Imatinib and lapatinib cooperate to attenuate BLM-induced lung remodeling. A) Masson's Trichrome staining of paraffin-embedded lung sections from mice challenged with BLM (or saline) for 28 d and treated daily with imatinib and/or lapatinib beginning 15 d following initial BLM insult. Representative photomicrographs are shown (original view ×10). B, C) Quantitative analysis of hydroxyproline contents of lung sections generated from mice treated as in A. D, E) Pixellation scores (expressed as percentage of positive BLM control; ref. 30) quantifying H&E or immunohistochemical staining of lung sections prepared as in A. Data show expression or deposition of smooth muscle actin (SMA), vimentin, fibronectin, collagen I or collagen IV. H&E staining facilitates a direct visualization of collagen.
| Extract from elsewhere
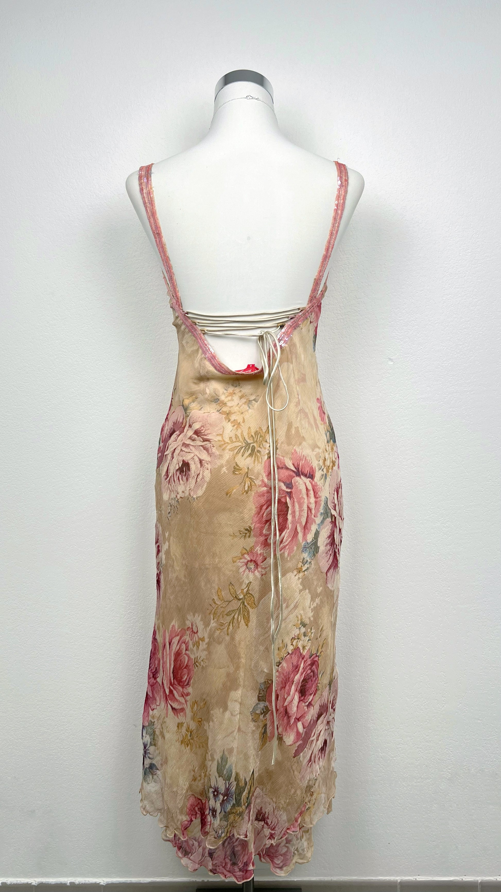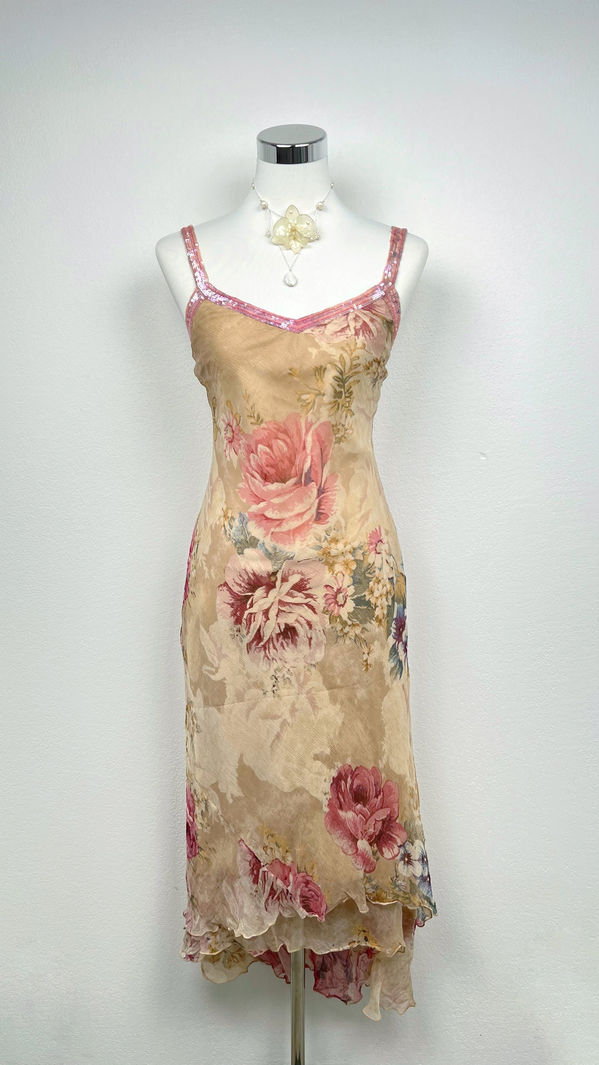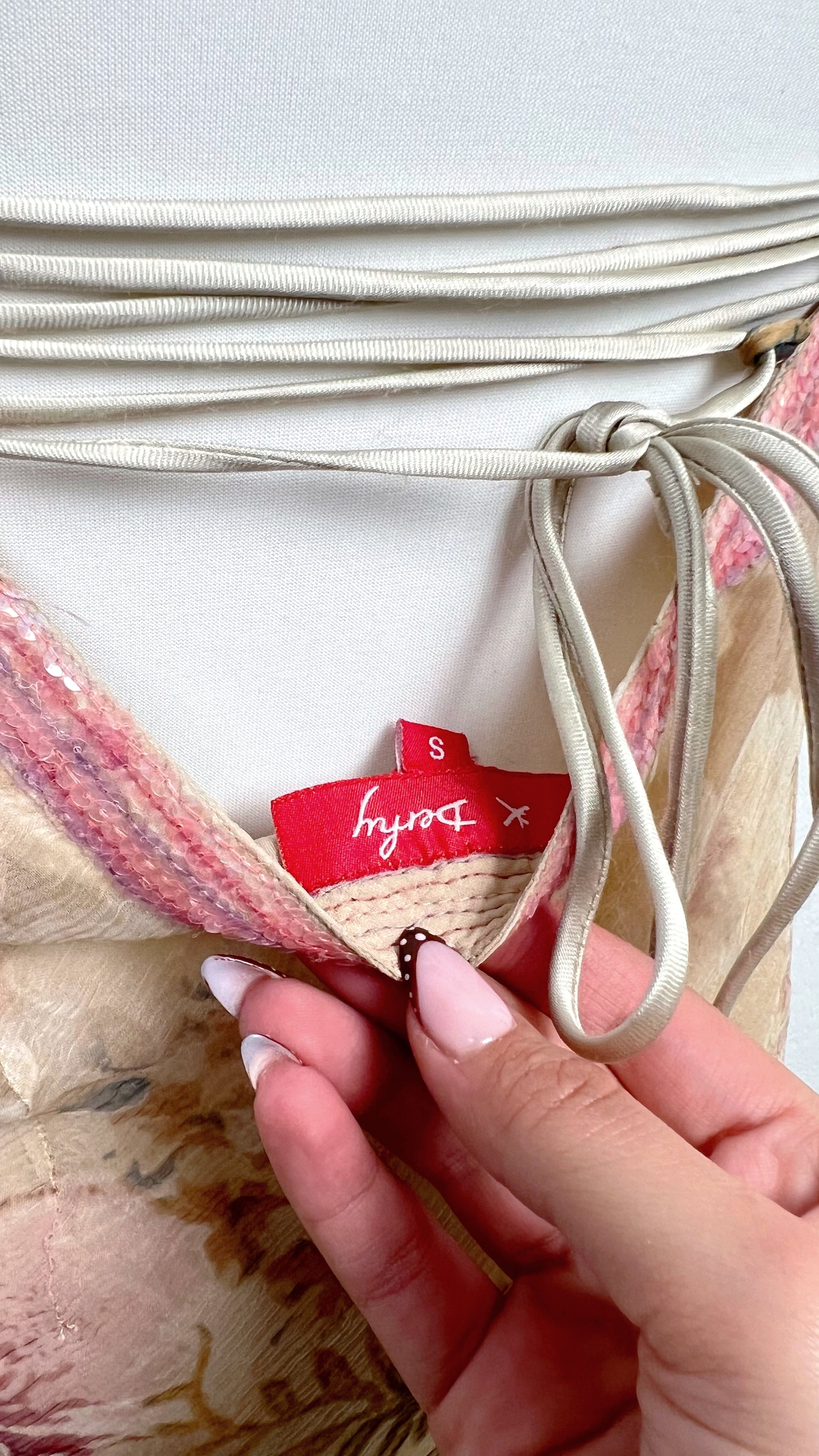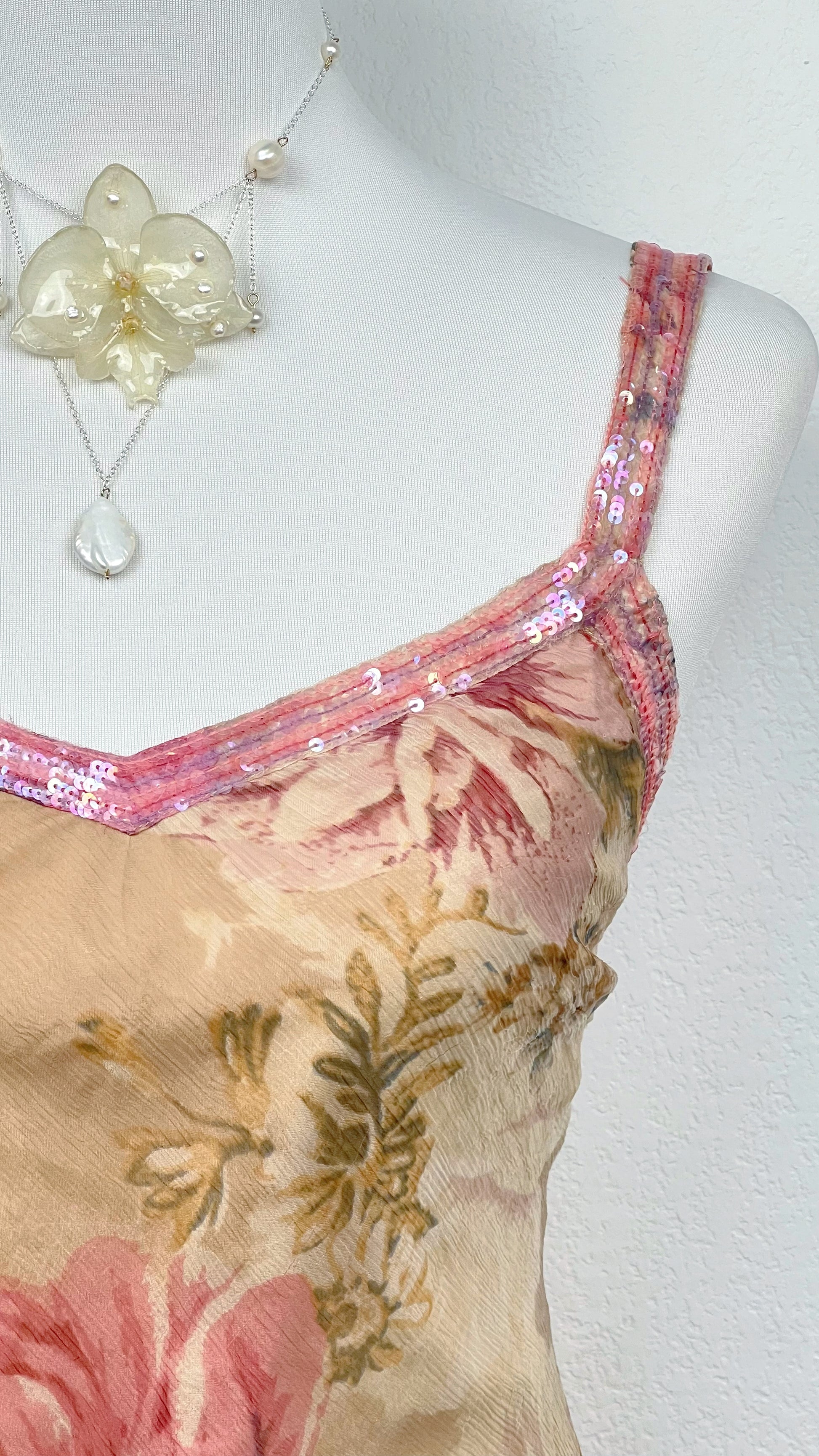 Chaque détail respire le raffinement vintage — des fines bretelles rosées perlées à la superposition légère du tissu.
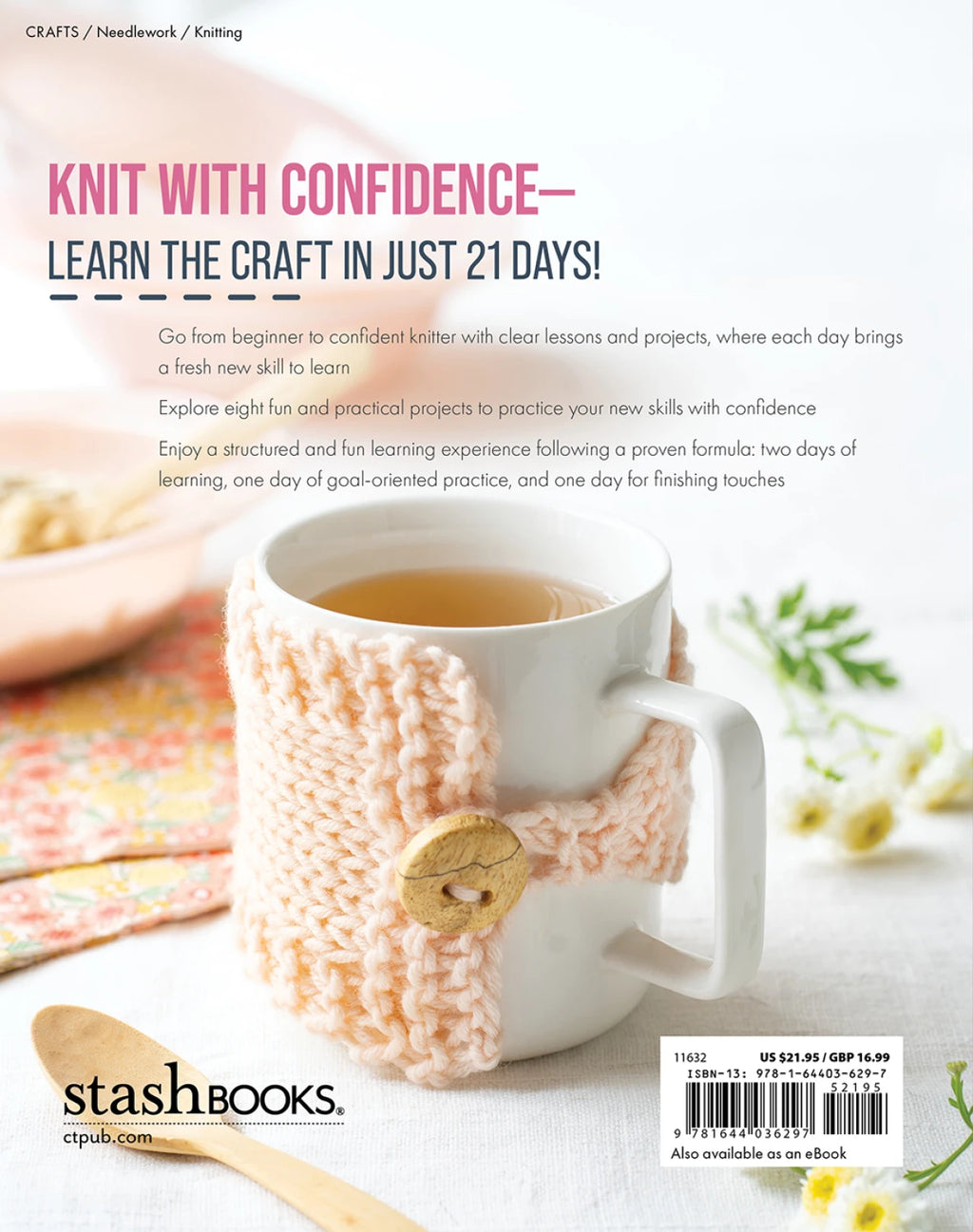 In just 21 days, you’ll go from complete beginner to confident knitter! You’ll learn the essential techniques and stitches through clear, illustrated, step-by-step tutorials.

Errors bars = sd. For C and E, both imatinib and lapatinib were used at 50 mg/kg/d. Results support a cooperative therapeutic role of imatinib and lapatinib in attenuating lung remodeling, as evidenced by reduced extracellular matrix production/deposition.

Figure 7.

Dual therapy with imatinib and lapatinib stabilizes lung gas exchange in BLM-challenged mice. Time-dependent fluctuation of oxygen saturation (SpO₂) levels (determined on room air) in mice challenged with BLM (or saline) for 28 d and treated with imatinib and/or lapatinib (both at 50 mg/kg/d) beginning 15 d after initial BLM insult. Errors bars = sem (n=6). While administration of individual drugs resulted in partial recovery, a dual treatment yielded a cooperative effect on lung physiology, as indicated by the respective increases in dissolved oxygen levels.